On your large hand rail, is it a radius or a spiral? Can you glue it up like a radius or curved hand rail on a stairs? I don't know how other fellows glue up a rail for a curved stairs but I made several L shaped out of 2X4s, clamped or screwed the Ls to the radius or curve I wanted the rail to be and clamp the rail strips to the L shaped 2X4s.
Fortunately, this is just a simple radius. The only place anywhere near big enough to glue up this much wood - something over 600 lineal feet - is going to be right in place.

It may not be as intimidating as first thought.

One of the yellow strips will be right in the middle of the railing, and this will be screwed into place into the top of the posts. I expect next on each side of that will be either one or two thin red strips, followed again by another yellow on either side of those.
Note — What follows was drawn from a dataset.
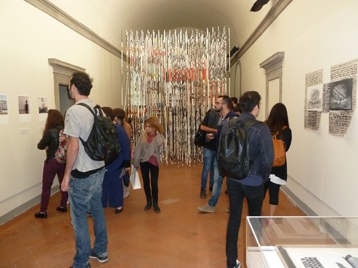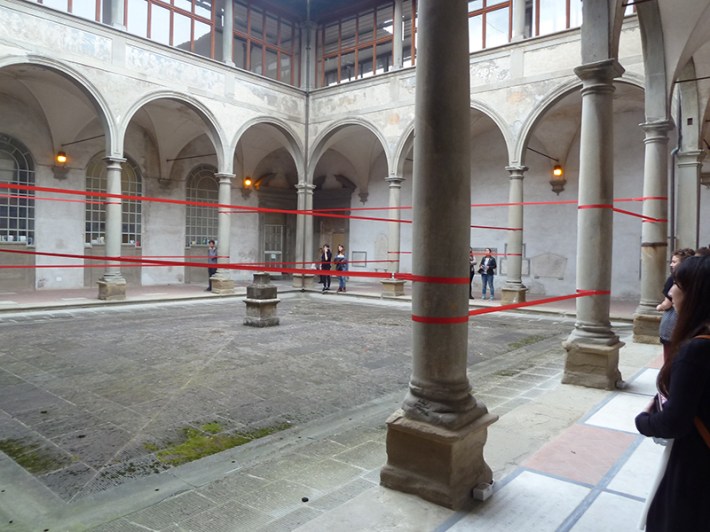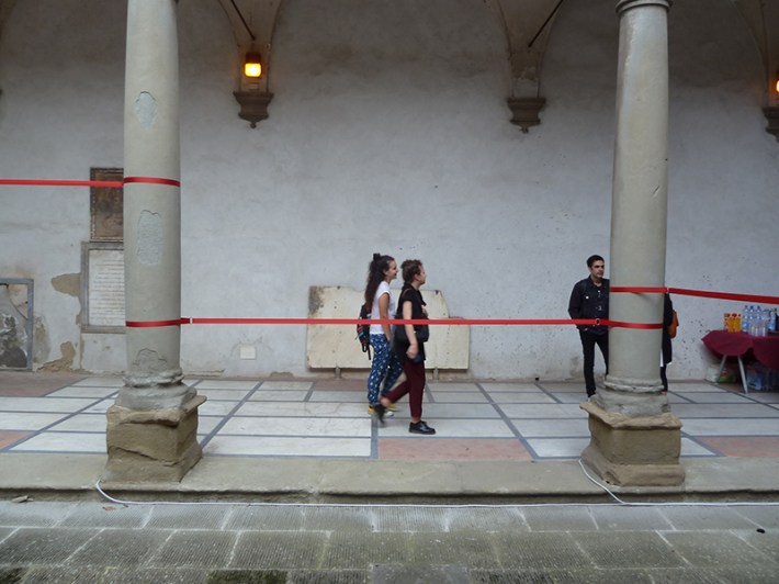 Chiostro di Levante – Spazio Labirinto, istallazione di Mauricio Lupini. Le linee rosse inserite nello spazio rinascimentale riportano le proporzioni del complesso 23 Enero, progettato a Caracas da Carlos Raul Villanueva nei primi anni cinquanta. (9 – 26 ottobre) Saletta ex- Presidenza – proiezione del video Hope di Ciboideale e Martino Chiti che descrive la situazione dei migranti accampati, nel luglio di quest’anno, sugli scogli di Ventimiglia al confine tra Italia e Francia, dopo l’improvvisa chiusura della frontiera, e documenta l’installazione artistica di Andrea d’Amore creata sul Sentiero della speranza (9 ottobre).

Followed again by as many red as it takes to do the job... ad infinitum...

The yellow is nearly twice as dense as the red, so I only want to use screws in that and not in the red.

Once it is all fastened, I will cut plugs for the countersunk screw holes.

The width of the post tops limits how far apart the two outside screws will go in any given post. I am hoping that I can get three screws in every post.

Mustn't forget the camera for every stage here...this is going to take awhile.

I will be using the two part mixed white glue for this, as it is very water resistant as long as it is not immersed in water and left there. Rain doesn't bother it. Plus, of course, there will be the usual number of varnish coats on once it is all brought up to snuff.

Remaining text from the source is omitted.